At first glance, the notation $\operatorname{Spec}(R)$ is introduced just as the set of maximal ideals. If $R=\mathbb C[V]$ is the coordinate ring of an affine variety $V\subseteq\mathbb C^n$, we know that points of $V$ correspond to maximal ideals of $\mathbb C[V]$, so $V=\operatorname{Spec}(\mathbb C[V])$ is a legitimate equation on the level of sets. But to make $\operatorname{Spec}(R)$ a proper affine variety if we don't already know the variety that has $R$ as its coordinate ring, we need some way to equip the set of maximal ideals with the structure of an affine variety.

From what I read, the "proper" way to look at this, is learning about schemes. Since I'm only beginning algebraic geometry (to study toric varieties), I don't know anything about the theory of schemes for now.

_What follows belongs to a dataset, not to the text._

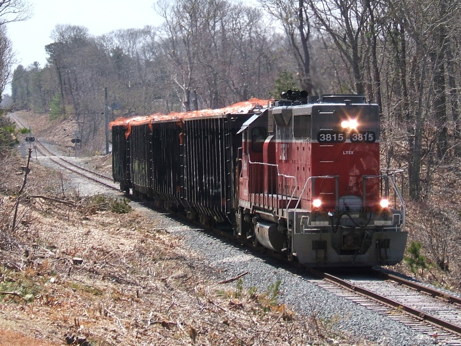 Mass Coastal LTEX 3815 on the Falmouth SecondaryMass Coastal LTEX 3815 with C/D cars in tow from the Upper Cape Regional Transfer station. Shown approaching the Shore Road underpass bridge at MP 4.58 by Kingman's Marina in Cataumet MA

The way I managed to equip $\operatorname{Spec}(R)$ with the structure of an affine variety is the following: Let $R$ be a finitely generated $\mathbb C$-algebra with no nonzero nilpotents. Pick generators $f_1,\dots,f_r$ and consider the surjective $\mathbb C$-algebra homomorphism $\varphi:\mathbb C[x_1,\dots,x_r]\to R$ with $x_i\mapsto f_i$. By the homomorphism theorem we have an isomorphism $R\cong\mathbb C[x_1,\dots,x_r]/I$, where $I$ is the kernel of $\varphi$. Since $R$ has no nonzero nilpotents, the ideal $I$ is radical. Let $V=\mathbf V(I)\subseteq\mathbb C^r$ be the affine variety given by the ideal $I$, then $\mathbf I(V)=\sqrt{I}=I$ by Hilbert's Nullstellensatz and therefore $\mathbb C[V] = \mathbb C[x_1,\dots,x_r]/I\cong R$. Since $V=\operatorname{Spec}(R)$ as sets, this construction equips $\operatorname{Spec}(R)$ with the structure of an affine variety.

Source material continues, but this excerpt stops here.